Aim of the task: From the listing below, output the lines between the one with "20 blank notecards" and the one with "The metalsmith who", including those two, and nothing else. Pictures are not copied.

Material for this exercise:
━━━━━━━━━━━━━━━━━━━━

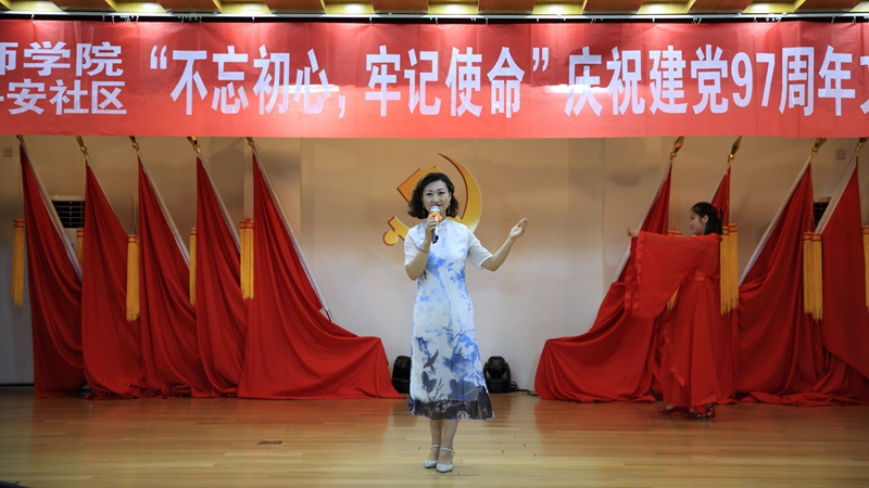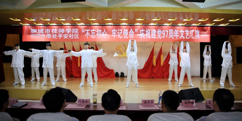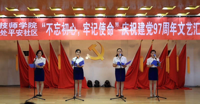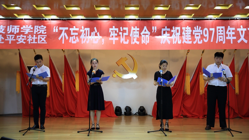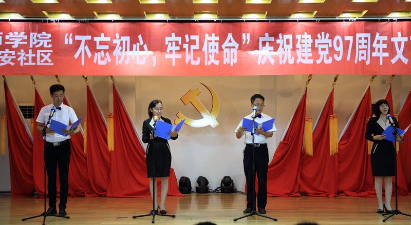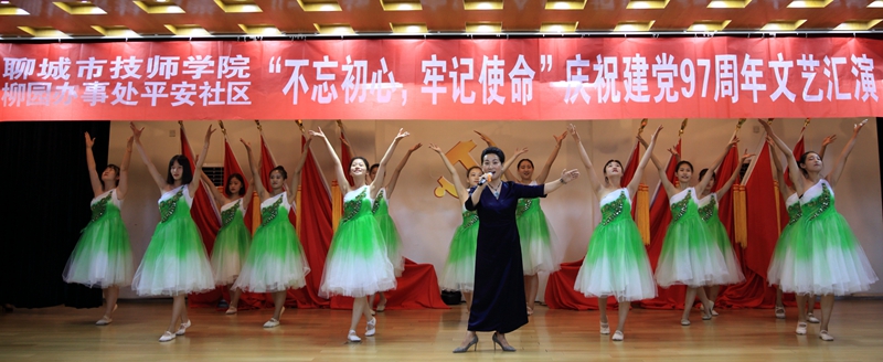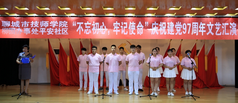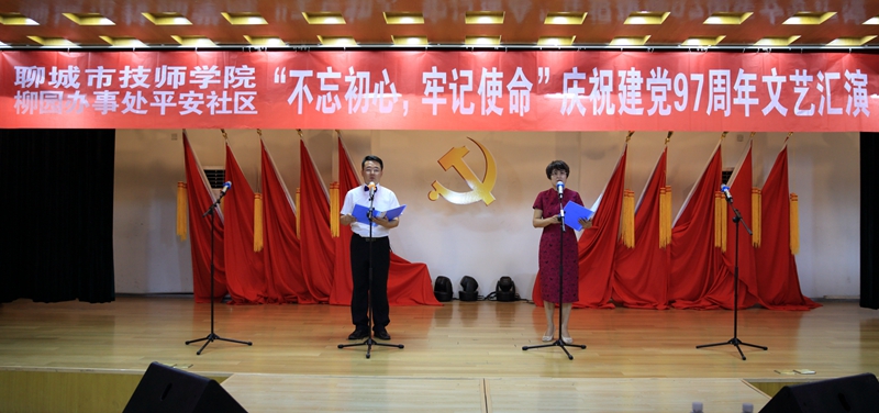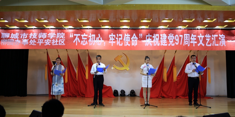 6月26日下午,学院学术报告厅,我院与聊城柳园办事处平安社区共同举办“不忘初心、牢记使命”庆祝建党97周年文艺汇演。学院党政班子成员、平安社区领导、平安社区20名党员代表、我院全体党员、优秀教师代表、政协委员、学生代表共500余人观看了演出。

━━━━━━━━━━━━━━━━━━━━

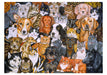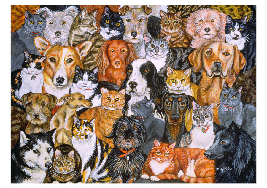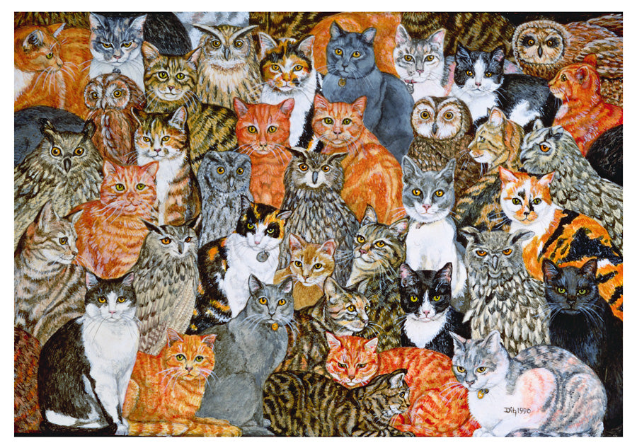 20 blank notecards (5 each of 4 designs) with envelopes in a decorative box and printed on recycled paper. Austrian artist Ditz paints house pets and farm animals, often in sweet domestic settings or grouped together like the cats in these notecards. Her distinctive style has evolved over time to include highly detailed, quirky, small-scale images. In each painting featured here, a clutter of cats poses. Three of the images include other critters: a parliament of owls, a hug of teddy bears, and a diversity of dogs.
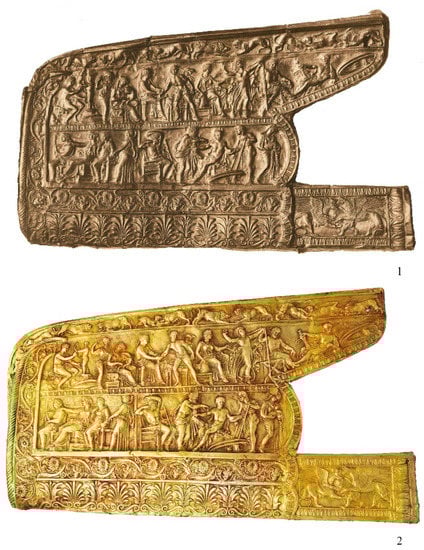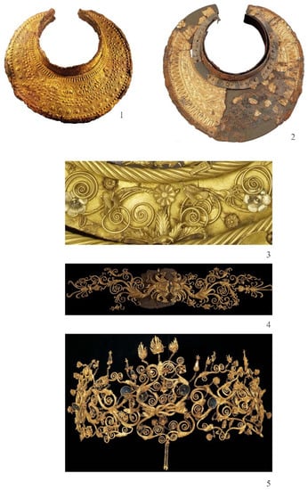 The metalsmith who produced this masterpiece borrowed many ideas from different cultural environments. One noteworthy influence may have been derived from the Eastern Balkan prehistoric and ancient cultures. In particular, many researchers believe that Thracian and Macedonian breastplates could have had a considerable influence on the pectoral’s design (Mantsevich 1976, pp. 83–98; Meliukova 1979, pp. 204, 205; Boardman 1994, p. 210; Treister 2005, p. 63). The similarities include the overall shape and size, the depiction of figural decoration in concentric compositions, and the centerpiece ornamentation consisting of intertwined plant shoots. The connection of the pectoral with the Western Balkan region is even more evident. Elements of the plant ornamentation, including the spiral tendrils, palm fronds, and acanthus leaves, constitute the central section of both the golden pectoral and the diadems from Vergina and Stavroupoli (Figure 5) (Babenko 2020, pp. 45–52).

━━━━━━━━━━━━━━━━━━━━

Response:
 20 blank notecards (5 each of 4 designs) with envelopes in a decorative box and printed on recycled paper. Austrian artist Ditz paints house pets and farm animals, often in sweet domestic settings or grouped together like the cats in these notecards. Her distinctive style has evolved over time to include highly detailed, quirky, small-scale images. In each painting featured here, a clutter of cats poses. Three of the images include other critters: a parliament of owls, a hug of teddy bears, and a diversity of dogs.
 The metalsmith who produced this masterpiece borrowed many ideas from different cultural environments. One noteworthy influence may have been derived from the Eastern Balkan prehistoric and ancient cultures. In particular, many researchers believe that Thracian and Macedonian breastplates could have had a considerable influence on the pectoral’s design (Mantsevich 1976, pp. 83–98; Meliukova 1979, pp. 204, 205; Boardman 1994, p. 210; Treister 2005, p. 63). The similarities include the overall shape and size, the depiction of figural decoration in concentric compositions, and the centerpiece ornamentation consisting of intertwined plant shoots. The connection of the pectoral with the Western Balkan region is even more evident. Elements of the plant ornamentation, including the spiral tendrils, palm fronds, and acanthus leaves, constitute the central section of both the golden pectoral and the diadems from Vergina and Stavroupoli (Figure 5) (Babenko 2020, pp. 45–52).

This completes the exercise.